Cantex Okanagan Construction Ltd. Shirley Tary, traffic control manager, and project superintendent Earl MacLeoad go over plans for preparation paving on the Highway 97 four-laning project near Williams Lake Indian Band. Monica Lamb-Yorski photo

2017 wildfires delay Highway 97 four-laning project

Cantex Okanagan Construction Ltd. has had to rearrange its entire construction plan

Commuters are not the only ones trying to maintain their patience as work resumes on the Highway 97 four-laning project near Williams Lake Indian Band.

Earl MacLeod, superintendent of the project for Cantex Okanagan Construction Ltd., said if it wasn’t for the 2017 wildfires, his crews would be adding the finishing touches by now.

Instead, the project started up again on May 7, after some preliminary work to make the road passable.

It is hoped the project will be completed by fall 2018.

“During the fires we couldn’t pave and later we had some heavy smoke days and we couldn’t actually put people to work under legal requirements,” MacLeod said. “When we did get back to work it was late in the season and we had our struggles with the asphalt.”

Last year after the fires, the work was restricted, he added.

“It was a mad rush at the end and we were going 24/7 with crews on site. We realize we impacted the local traffic quite a bit.”

Drainage was also a concern, he explained.

Because they had built the highway up to a certain point, temporary drainage was required in some areas, and in other areas where they had done bigger excavations.

“We actually ended up laying pavement over some of the culverts and we were hauling materials from Kamloops and Quesnel in -12C and -14C temperatures just to get them work done.”

There were also some minor blowouts of the new pavement during the winter that had to be milled under the direction of the Ministry of Transportation and Infrastructure, he added.

The entire construction plan had to be changed as a result of the delays, he said.

Presently 43 people are working on site and on Monday crews began to pave some patches that are required to keep people driving through the site during the remaining construction.

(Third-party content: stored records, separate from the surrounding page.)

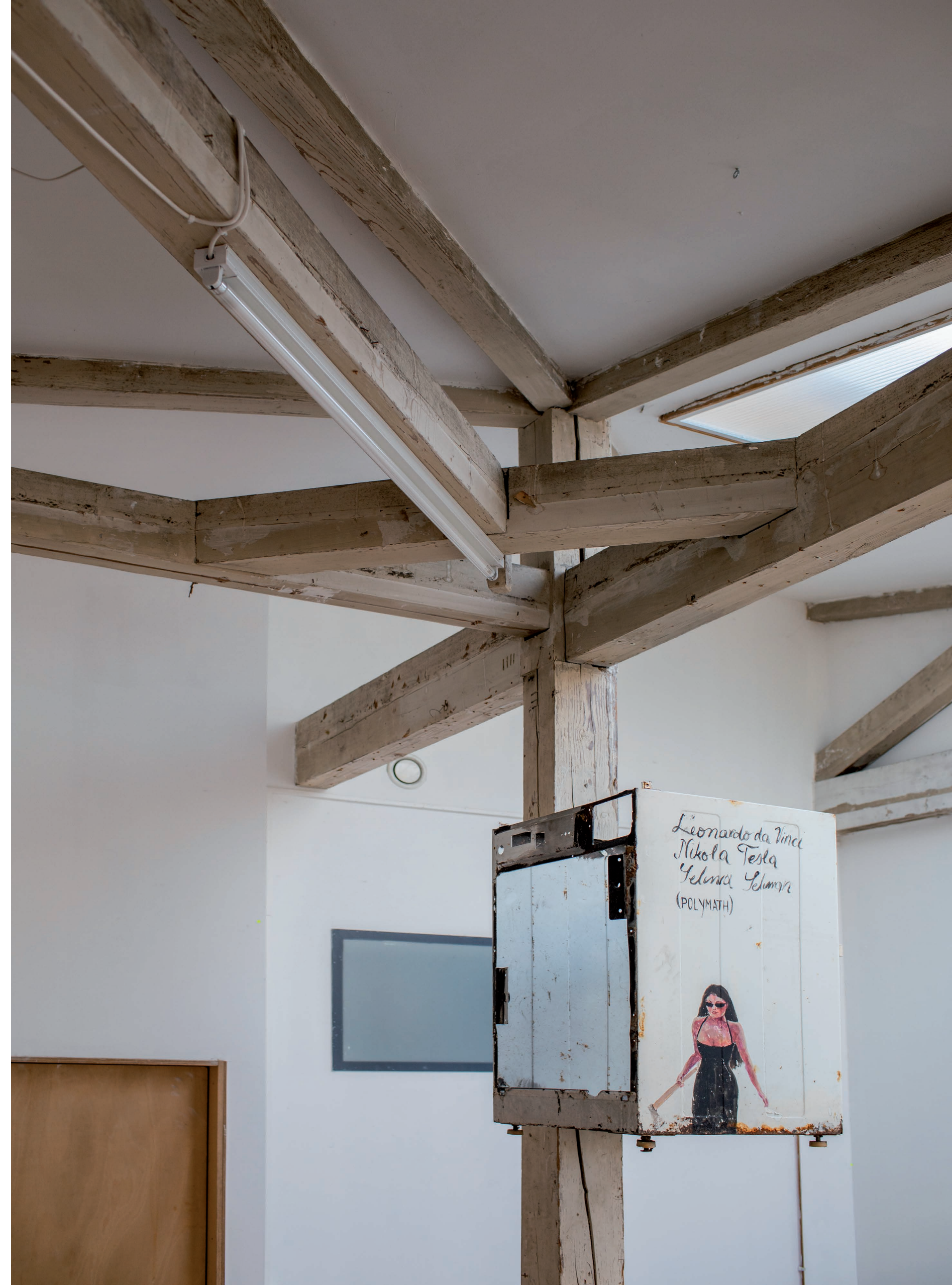
03. Selma Selman. Painting on metal . 2020/2021. Acrylic paint on scrap metal. 85 x 54 x 60 cm.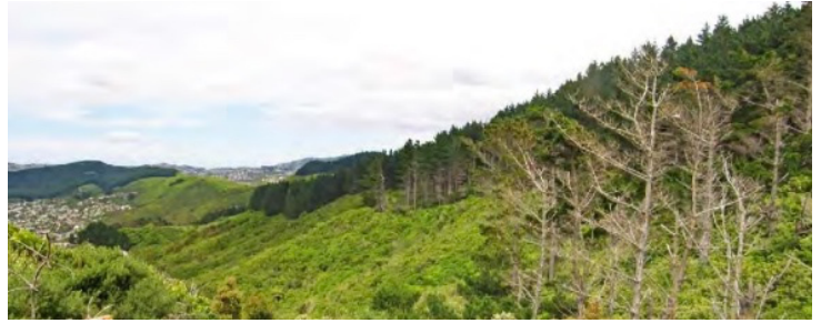
View from near Chastudon Place over Tawa's western hills

On the WCC website: "The Outer Green Belt is a series of reserves on the edge of the city that stretch from the Porirua City boundary to the south coast [of Wellington]. It covers more than 3,000 hectares and comprises over half of the City's public reserves network." This includes Spicer Forest and Te Ngahere-o-Tawa (formerly Forest of Tane) on Tawa's western hills.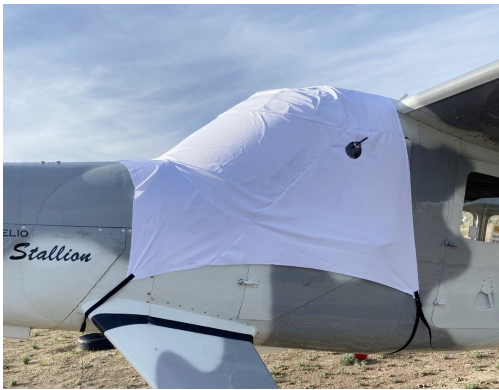
Helio Stallion Cockpit Cover, test fit cover

This cover type is made from Silver Acrylic Sunbrella canvas and is 100% lined with a soft and smooth microfiber. Bruce's Custom Covers developed this material combination especially for aircraft protection. The outer material is medium weight and treated for water resistance, UV resistance and anti-static buildup. The inner lining is a very soft and smooth microfiber to prevent scratching. The material is very reflective, and tests show that the cabin interior temperature can be reduced to near-ambient temperature on the hottest of days. It is water, ice and snow repellent, yet breathable to allow moisture to escape from between the cover and the aircraft surface.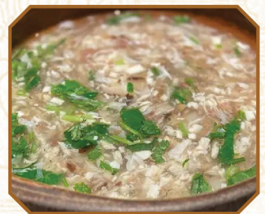
West Lake Beef Soup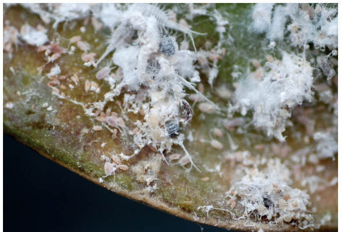
longtailed mealybug ( Pseudococcus longispinus )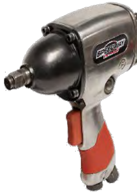
3/8" Air Ratchet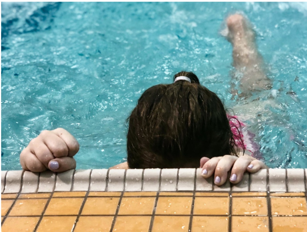
Because of amplified pain, one patient was not able to unclench her right hand.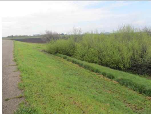
Looking southwest at dense vegetation at landward toe. (Spring 2015)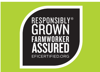
Black and White No Outline for use on a color background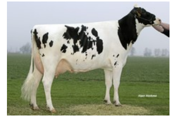
Koepon Shot Classy 17 VG-85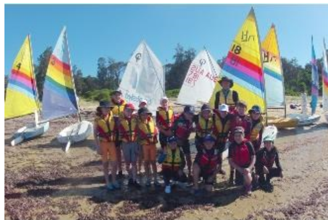
Sailing School 2-16-2017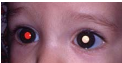
Fig. 7. Normal red reflex, leukocoria in the left eye due to retinoblastoma.

of concern and may be due to cataract or an underlying retinoblastoma and needs to be further evaluated (Fig. 7). Proptosis can be an early sign or symptom of orbital pathology that includes neuroblastoma, retinoblastoma, rhabdomyosarcoma, lymphoma and leukaemia, as well as a number of benign lesions. This obviously needs further urgent evaluation.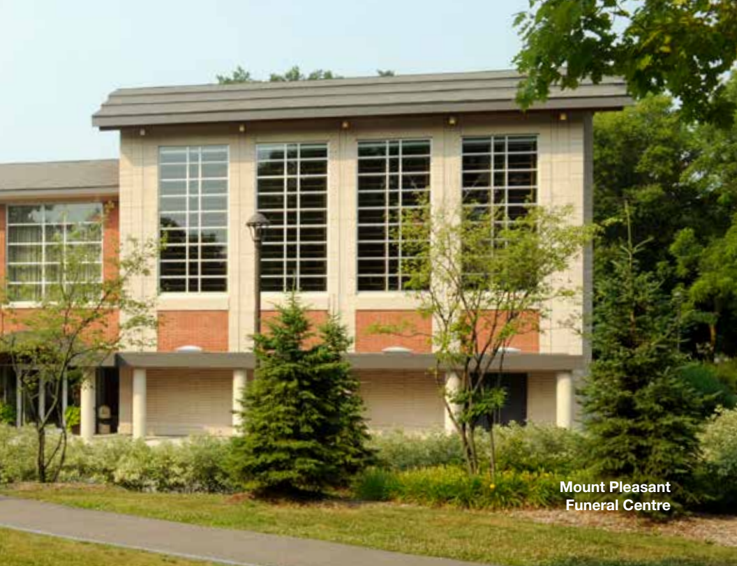
Mount Pleasant Funeral Centre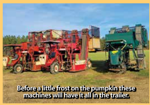
Before a little frost on the pumpkin these machines will have it all in the trailer.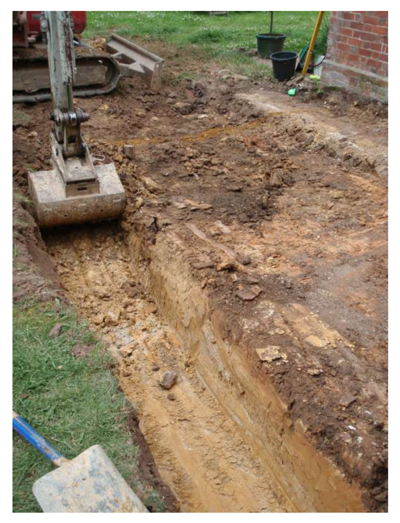
Plate 2. Phase 1, view of the site after part topsoil strip (looking west)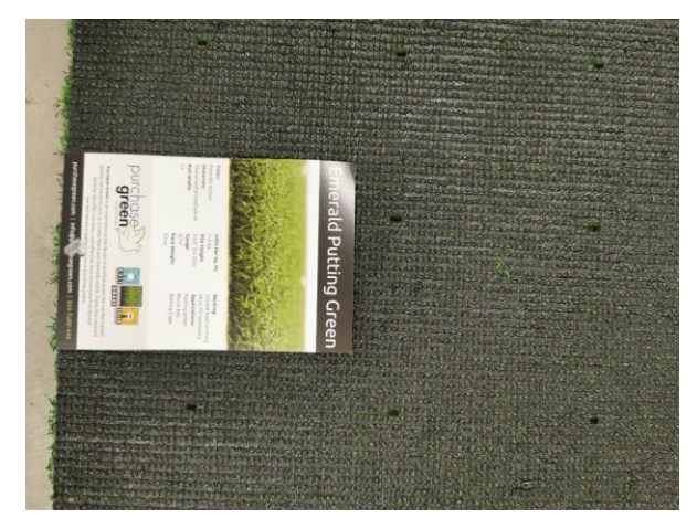
US00587 – Emerald Putting Green Turf backing view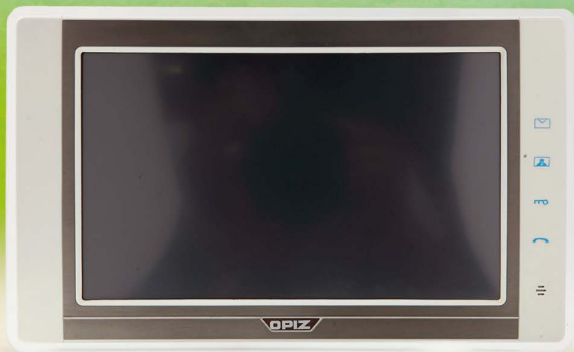
TCP/IP smart home system with 10" touch screen (OP-D9A10)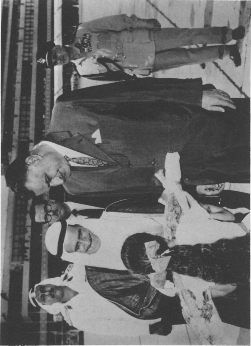
FIG. 4.— Meeting Nasser. Original found image.

There will be some short stoppages when full construction is underway, but the plan is to use crossovers instead of using the travel lanes as construction lanes, MacLeod explained.

Unfortunately sometimes flaggers have received backlash from the public with half-empty water bottles and cigarette butts thrown at them, and lots of people are speeding through the 50 km/h zone, Mac-Leod said.

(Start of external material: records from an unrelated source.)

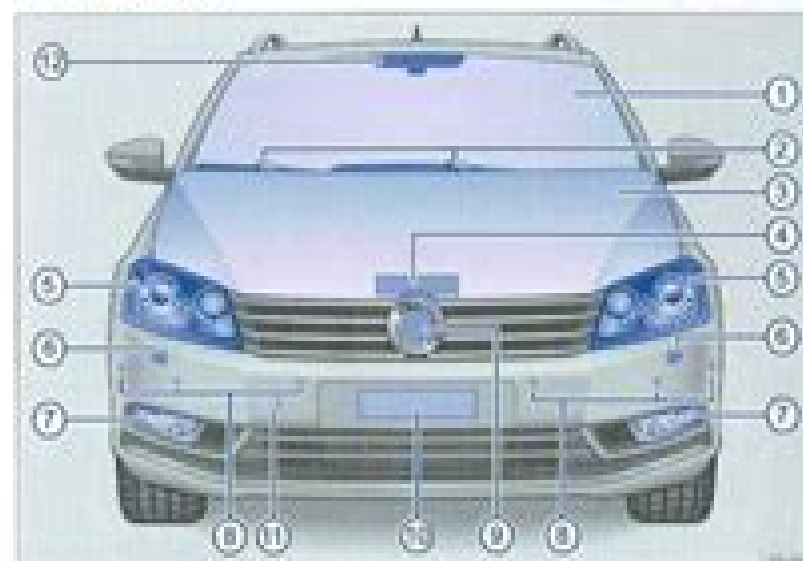
Rys. 2 Widok przodu samochodu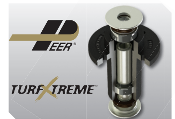
PEER® Spindles - Maintenance free with Contamination Exclusion Technology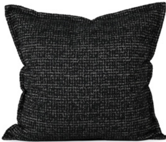
DARK SABLE DDCUSSABD001 - 57 x 57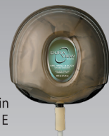
2 L Duraview 6267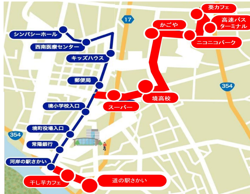
Example: Sakai-town Ibaraki Prefecture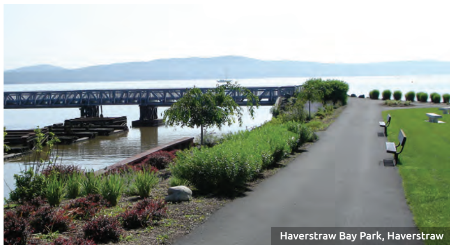
Haverstraw Bay Park, Haverstraw

Completely renovated in 2006. A peaceful, lovely oasis in the middle of the bustling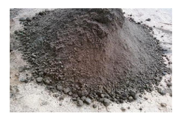
Plate 17. Cow dung.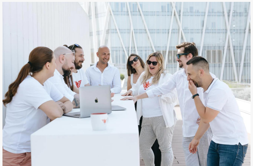
Moravio's TypeScript developers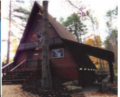
Some newly finished A-frame renovations: outdoor painting, the main sleeping area, and the entryway bench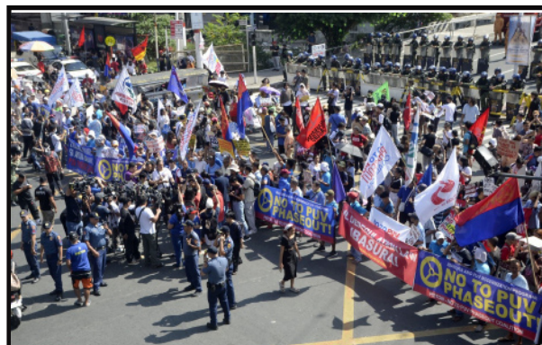
KILOS -protesta ito ng iba't ibang militanteng grupo sa paanan ng tulay ng Mendiola sa Maynila kasabay ng ikinakasang extended transport strike ng PISTON at Manibela kaugnay sa isyu ng jeepney modernization program.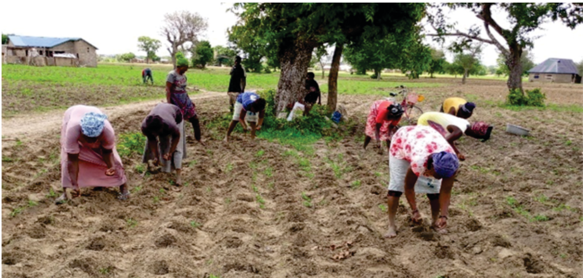
Compost application (Zai method) at Nyangoligo community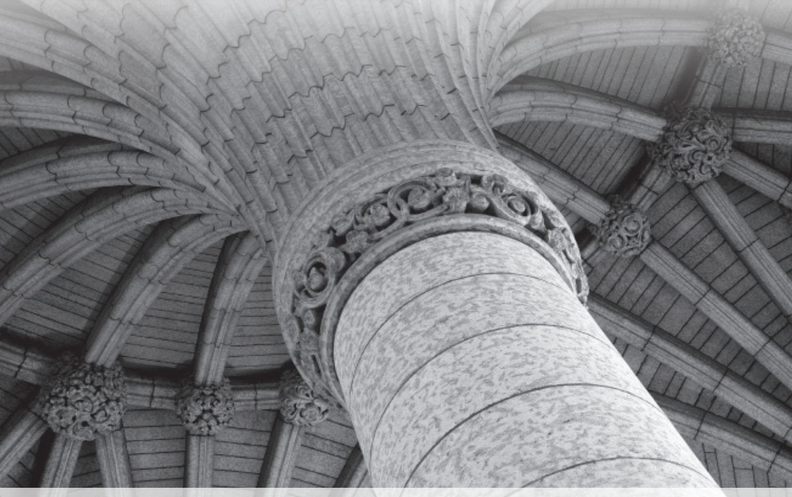
APRIL 2018 42<sup>nd</sup> PARLIAMENT, 1<sup>st</sup> SESSION

“We understand how people feel and the frustration behind it all, but the speed limit is there for a reason.”

There are lots of good people coming through as well, he added, noting crews are holding their chins up and doing the best they can.

“It’s tough because some of them live in this neighbourhood,” MacLeod said.

“The struggles we are having are not their fault. It was an Act of God and we are all feeling the effects of it now.”

Aside from the wildfires, and wrath from some drivers, the project has also faced vandalism.

On the evening of Sunday, May 13, three paving trucks had all of their windows smashed, which unfortunately, MacLeod said, occurred in between video surveillance timers so there’s no footage of the vandalism.

The RCMP came out to investigate, but so far have not found any suspects, while the damage is estimated to be around $10,000.

“We’ve also had five high-speed chases through this site in the last two weeks with vehicles travelling at 140 to 160 km/h,” MacLeod added.

Highway crew’s

wildfire response

When the fires broke out on July 7, the highway crew sprang into action.

“We had about 25 people on site so on the first night we secured the Chief Will-Yum Gas Bar,” MacLeod recalled.

Crews worked into the night with bulldozers to build a fire guard up as far as the powwow arbor.

The highway crew also went up to Virgina Gilbert’s home on Moose Drive on the upper side of the highway, but when the fire started coming over the hill, MacLeod didn’t think they had a chance to fight it.

In the end, Gilbert’s house escaped the fire, although outbuildings on her property did not.

MacLeod worked with the Ministry of Forests when he was younger and has been called in with different equipment through the years, but said 2017’s fires were unprecedented.

“I’ve seen fire up close and I’ve never seen it react like that,” he said.

“It was moving so fast and so hot. It was unreal. There were embers landing the size of hardhats and the winds were phenomenal.”

Cantex kept two water trucks going with its own ground crews fighting fires up until the evacuation of the city of Williams Lake on July 15.

Many of the employees were out on evacuation order from their homes, with their own homes threatened, but still came to work under a stressful situation, he added.

“Some of our people didn’t return after the fires because they had found other employment. It impacted our crew and a lot of people’s mentalities.”

Cantex didn’t lose any equipment to the 2017 wildfires, although a few hoses, silt fences and environmental controls that were burned had to be replaced.

“We were really lucky actually,” MacLeod said.